Drafting Data Definitions in AI Contracts That Hold Up

Most of us learned to read AI contracts the way we read SaaS contracts. Find the data clauses, check the train-on-customer-data restriction, push back on the usage rights, move on. The problem is that the protective clauses we rely on all sit on top of a definition. And in AI contracts, the definitions of input data, output data, and system data are doing more work than they ever did in traditional software, because the technology behind them is iterative, evolving, and pulling in data from places we did not used to have to think about.

The webinar was the first in How to Contract's new provision makeover series. Host Laura Frederick brought on David Sclar, Principal Product Counsel at Babylist, to take the provider side, and Laura Belmont, General Counsel at The L Suite (TechGC), to take the customer side. David has spent a decade in-house focused on tech, privacy, and product. Laura previously built the AI governance program at a data science and AI company, and that combination of vendor-side and buy-side experience showed up throughout the conversation.
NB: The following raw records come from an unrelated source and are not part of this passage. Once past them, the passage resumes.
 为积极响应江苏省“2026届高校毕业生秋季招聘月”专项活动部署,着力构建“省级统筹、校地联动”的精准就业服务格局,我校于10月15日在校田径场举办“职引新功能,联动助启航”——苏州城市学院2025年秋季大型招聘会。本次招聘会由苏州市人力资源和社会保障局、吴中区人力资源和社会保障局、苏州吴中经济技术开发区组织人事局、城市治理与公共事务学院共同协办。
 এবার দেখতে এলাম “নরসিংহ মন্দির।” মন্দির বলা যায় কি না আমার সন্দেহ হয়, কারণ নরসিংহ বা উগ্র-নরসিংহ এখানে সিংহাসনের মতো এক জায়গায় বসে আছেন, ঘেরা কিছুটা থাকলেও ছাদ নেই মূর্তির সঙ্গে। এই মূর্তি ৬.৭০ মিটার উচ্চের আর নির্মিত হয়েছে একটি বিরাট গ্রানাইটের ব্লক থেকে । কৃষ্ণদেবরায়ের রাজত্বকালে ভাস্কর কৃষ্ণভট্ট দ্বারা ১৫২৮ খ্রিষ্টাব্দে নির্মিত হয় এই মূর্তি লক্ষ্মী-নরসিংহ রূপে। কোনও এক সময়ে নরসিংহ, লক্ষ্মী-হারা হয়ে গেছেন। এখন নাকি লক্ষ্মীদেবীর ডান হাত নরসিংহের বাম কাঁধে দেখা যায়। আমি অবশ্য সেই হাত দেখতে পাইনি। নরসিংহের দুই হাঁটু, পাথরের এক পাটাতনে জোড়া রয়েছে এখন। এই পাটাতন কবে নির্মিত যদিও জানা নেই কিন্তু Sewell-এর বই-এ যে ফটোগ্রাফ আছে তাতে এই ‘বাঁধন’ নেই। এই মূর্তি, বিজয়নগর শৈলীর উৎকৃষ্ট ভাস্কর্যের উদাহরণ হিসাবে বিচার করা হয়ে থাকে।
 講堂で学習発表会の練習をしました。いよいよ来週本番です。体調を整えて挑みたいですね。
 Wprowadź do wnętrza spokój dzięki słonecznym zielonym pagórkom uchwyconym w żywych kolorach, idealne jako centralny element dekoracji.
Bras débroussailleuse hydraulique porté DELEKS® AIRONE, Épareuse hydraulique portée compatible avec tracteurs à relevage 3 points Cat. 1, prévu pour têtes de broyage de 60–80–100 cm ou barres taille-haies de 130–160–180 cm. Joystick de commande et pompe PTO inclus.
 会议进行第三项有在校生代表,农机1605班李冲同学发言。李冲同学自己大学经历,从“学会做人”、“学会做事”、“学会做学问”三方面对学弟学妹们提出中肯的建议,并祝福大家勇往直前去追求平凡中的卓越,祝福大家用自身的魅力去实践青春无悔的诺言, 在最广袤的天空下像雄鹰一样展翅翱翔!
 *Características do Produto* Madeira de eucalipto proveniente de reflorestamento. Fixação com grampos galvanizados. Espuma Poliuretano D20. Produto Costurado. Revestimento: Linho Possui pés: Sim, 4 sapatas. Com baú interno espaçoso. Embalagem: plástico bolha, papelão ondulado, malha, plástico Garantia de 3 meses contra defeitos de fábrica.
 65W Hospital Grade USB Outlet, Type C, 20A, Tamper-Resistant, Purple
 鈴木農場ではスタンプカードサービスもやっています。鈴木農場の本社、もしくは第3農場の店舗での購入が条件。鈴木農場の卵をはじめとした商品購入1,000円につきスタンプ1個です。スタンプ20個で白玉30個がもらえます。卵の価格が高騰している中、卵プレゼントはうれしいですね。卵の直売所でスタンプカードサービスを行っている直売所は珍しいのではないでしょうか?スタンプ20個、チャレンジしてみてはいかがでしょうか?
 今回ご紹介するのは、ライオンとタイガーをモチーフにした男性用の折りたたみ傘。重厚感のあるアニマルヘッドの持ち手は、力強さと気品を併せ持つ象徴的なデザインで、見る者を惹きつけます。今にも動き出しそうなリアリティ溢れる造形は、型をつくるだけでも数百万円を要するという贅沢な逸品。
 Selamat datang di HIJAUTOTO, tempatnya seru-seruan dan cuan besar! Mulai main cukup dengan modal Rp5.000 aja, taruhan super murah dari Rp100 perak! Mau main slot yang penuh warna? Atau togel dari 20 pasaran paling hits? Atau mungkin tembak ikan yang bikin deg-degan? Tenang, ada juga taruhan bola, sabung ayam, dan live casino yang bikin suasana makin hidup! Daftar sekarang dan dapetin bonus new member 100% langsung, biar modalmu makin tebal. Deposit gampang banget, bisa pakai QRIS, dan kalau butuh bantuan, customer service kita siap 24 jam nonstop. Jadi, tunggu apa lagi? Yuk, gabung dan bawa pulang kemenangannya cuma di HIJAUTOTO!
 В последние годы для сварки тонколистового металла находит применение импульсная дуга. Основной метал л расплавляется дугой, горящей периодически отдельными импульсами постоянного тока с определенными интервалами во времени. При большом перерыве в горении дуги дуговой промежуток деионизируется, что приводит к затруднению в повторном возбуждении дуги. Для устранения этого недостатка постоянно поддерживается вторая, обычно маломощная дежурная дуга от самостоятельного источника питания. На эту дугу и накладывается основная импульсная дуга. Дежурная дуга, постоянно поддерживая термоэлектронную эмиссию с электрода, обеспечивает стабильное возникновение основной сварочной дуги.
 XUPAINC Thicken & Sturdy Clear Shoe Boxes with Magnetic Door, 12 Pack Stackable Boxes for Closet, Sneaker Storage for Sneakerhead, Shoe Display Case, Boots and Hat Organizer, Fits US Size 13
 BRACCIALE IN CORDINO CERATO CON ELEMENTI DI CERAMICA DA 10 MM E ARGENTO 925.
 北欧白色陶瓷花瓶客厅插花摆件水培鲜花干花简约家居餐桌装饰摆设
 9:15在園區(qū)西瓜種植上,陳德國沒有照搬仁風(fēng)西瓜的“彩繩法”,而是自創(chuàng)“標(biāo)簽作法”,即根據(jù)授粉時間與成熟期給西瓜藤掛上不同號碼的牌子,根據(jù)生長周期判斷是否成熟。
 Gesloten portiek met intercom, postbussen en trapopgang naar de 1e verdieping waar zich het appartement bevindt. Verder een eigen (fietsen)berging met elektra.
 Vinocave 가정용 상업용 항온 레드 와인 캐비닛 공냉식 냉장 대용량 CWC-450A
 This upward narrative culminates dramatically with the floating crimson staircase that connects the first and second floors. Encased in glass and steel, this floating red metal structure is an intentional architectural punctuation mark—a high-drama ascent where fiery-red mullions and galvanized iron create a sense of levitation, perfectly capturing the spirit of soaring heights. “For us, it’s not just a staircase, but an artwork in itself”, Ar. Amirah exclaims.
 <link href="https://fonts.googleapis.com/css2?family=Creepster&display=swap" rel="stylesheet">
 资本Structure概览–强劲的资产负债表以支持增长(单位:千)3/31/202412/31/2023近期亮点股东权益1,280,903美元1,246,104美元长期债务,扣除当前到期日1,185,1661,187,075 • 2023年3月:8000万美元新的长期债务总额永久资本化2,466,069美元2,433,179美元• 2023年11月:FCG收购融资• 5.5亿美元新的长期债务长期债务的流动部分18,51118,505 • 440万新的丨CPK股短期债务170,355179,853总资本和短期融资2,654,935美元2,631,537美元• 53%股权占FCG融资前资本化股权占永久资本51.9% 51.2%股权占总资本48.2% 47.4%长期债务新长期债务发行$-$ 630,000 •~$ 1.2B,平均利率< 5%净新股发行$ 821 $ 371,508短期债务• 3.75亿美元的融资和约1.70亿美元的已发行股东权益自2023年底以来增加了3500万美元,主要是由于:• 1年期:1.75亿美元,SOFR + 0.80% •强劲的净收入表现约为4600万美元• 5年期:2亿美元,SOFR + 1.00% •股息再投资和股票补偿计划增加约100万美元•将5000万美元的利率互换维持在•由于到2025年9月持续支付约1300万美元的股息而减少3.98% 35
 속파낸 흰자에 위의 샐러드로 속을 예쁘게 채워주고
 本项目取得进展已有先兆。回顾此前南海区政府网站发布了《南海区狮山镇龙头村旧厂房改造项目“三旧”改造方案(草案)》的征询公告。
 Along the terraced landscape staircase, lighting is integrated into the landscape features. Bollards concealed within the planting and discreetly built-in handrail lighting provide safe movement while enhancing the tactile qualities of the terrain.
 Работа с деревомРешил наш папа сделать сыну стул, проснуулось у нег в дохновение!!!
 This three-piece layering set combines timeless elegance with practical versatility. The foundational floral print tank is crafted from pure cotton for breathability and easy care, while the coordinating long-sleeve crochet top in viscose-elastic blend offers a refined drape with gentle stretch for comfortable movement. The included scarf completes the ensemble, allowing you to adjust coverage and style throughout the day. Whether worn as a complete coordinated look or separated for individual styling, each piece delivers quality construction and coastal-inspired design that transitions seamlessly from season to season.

We worked through three AI-slop definitions on screen. Each one looked harmless. Each one let way too much through once we slowed down on the words. The goal was not to land on a perfect draft, but to surface the questions you have to answer before you can write one of these definitions well.

Here are our top ten takeaways from the speakers' comments during the webinar:

Treat AI contracts as data contracts. Once we accepted that almost every substantive provision in an AI contract turns on data, the definitions stopped feeling like boilerplate. The data definition is what draws the line between what stays yours and what becomes the provider's to learn from, monetize, and redistribute. If you only fight over the no-training language and skip the definitions feeding into it, you are protecting an empty box.
Stop drafting like AI is deterministic software. Traditional software is deterministic. Same input, same output. Generative AI is probabilistic and it learns from us as we use it. That means our prompts, our iterations, our feedback, and HOW we use the tool are all carrying value into the system. The definitions in the contract need to reflect that, not pretend we are still licensing a calculator.
Vagueness rarely helps either side. It is tempting to think loose drafting favors the provider, since broad words give them room. In practice, vagueness creates risk for both parties because nobody knows how a vague AI clause will be read later. Tight, specific definitions give the provider real operating room and give the customer a real boundary. Aim for clarity, not posture.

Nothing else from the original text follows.